▶ [What needs to be done]:
Would you please print exactly the lines that run from the one with "Coussin Rectangle Hibiscus" to the last line of the data, both included, without any pictures?

** Provided material follows **

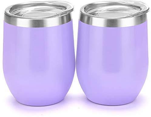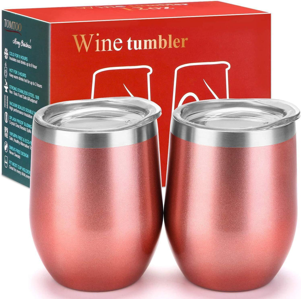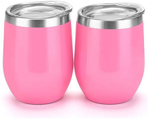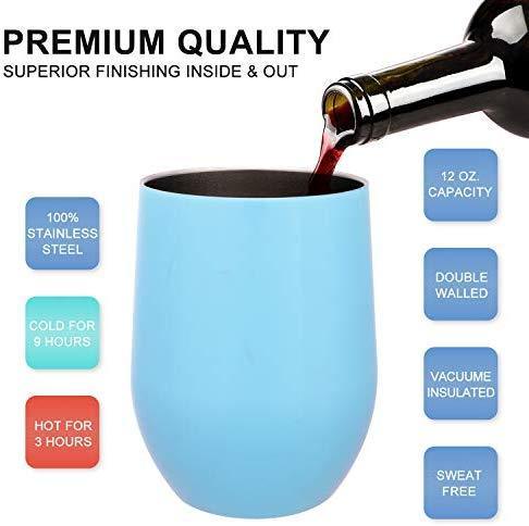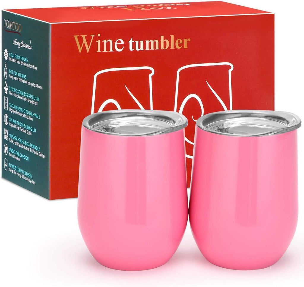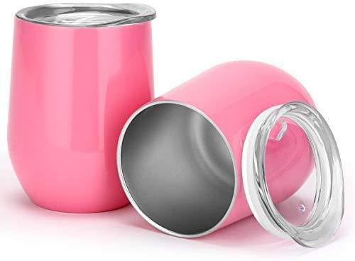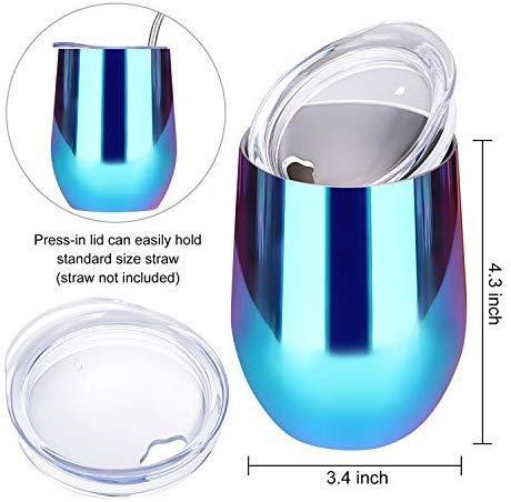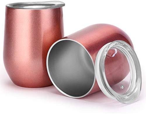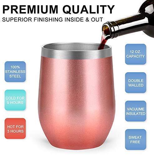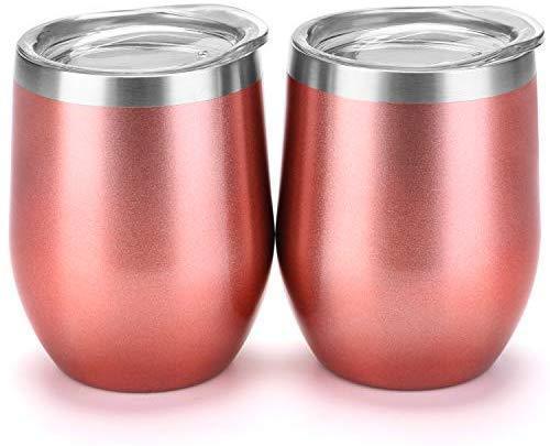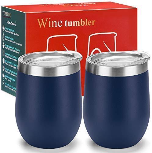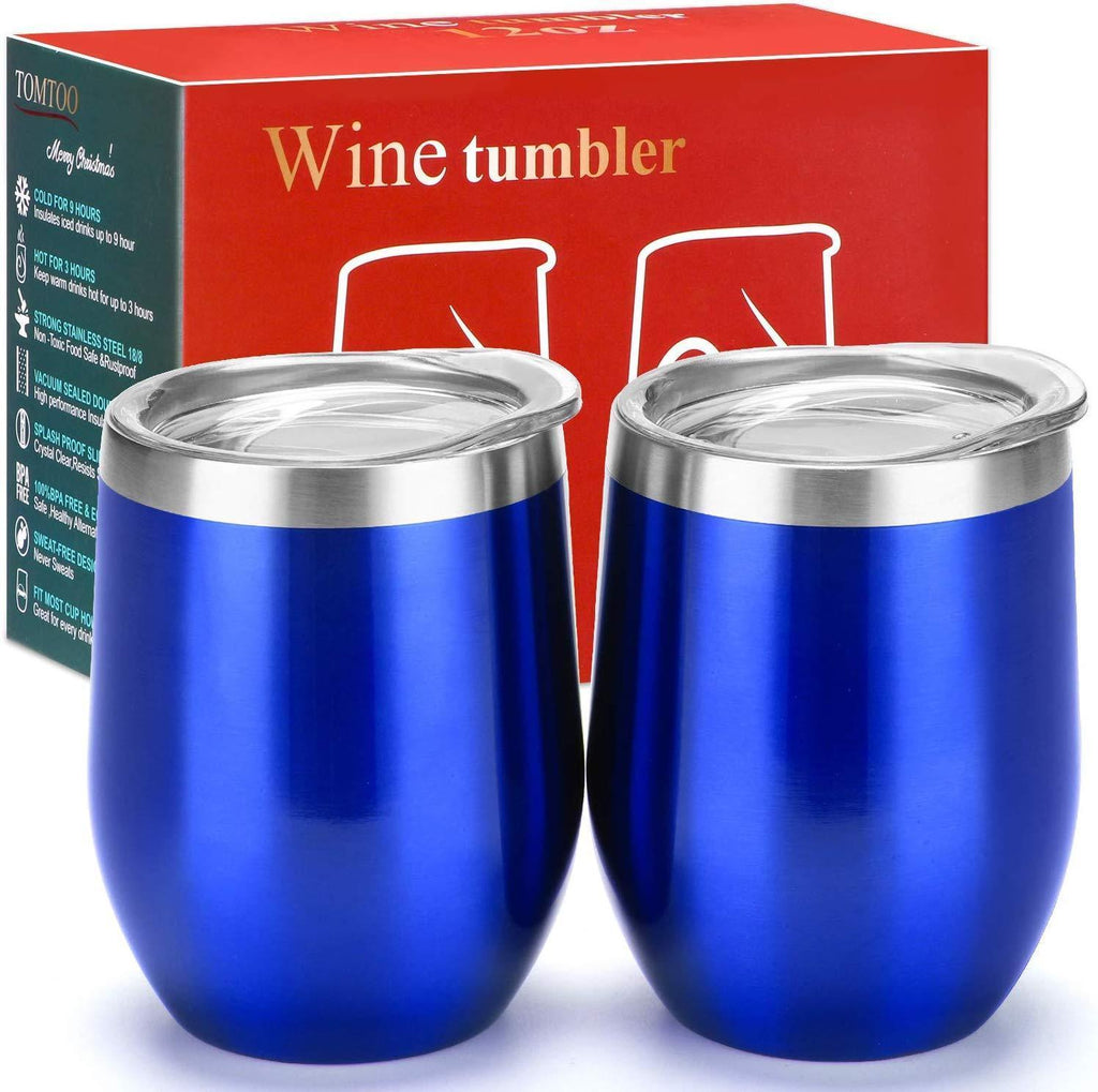 12 oz Double-Insulated Stemless Glass, Stainless Steel Tumbler Cup with Lids for Wine, Coffee, Drinks, Champagne, Cocktails, 2 Sets (Black)
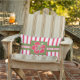 Coussin Rectangle Hibiscus rose chaud Monogramme vert citron
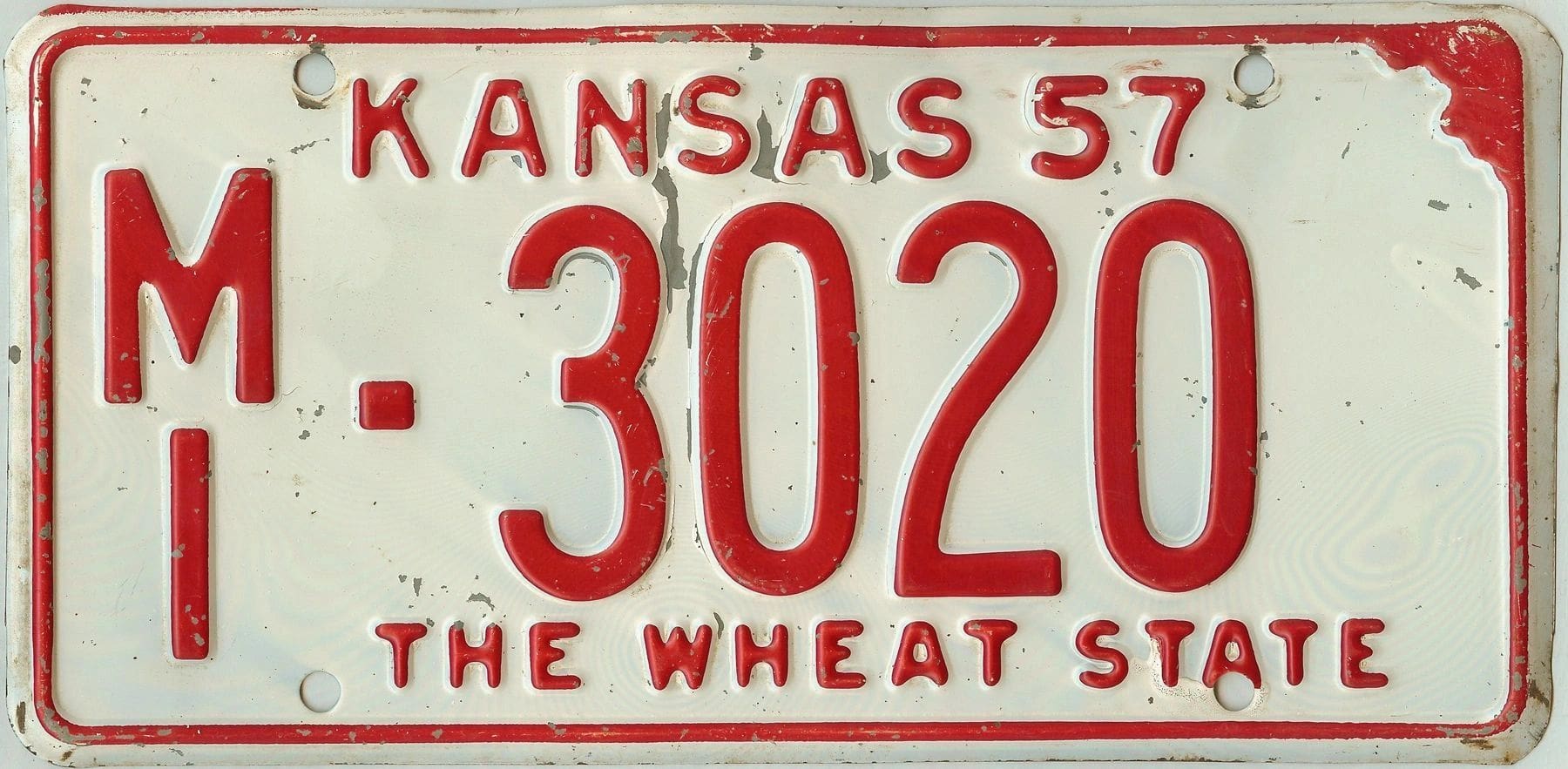 Kansas 1957 car license plate Miami county #MI-3020

** End of Provided material **

▶ [Response to the exercise]:
 Coussin Rectangle Hibiscus rose chaud Monogramme vert citron
 Kansas 1957 car license plate Miami county #MI-3020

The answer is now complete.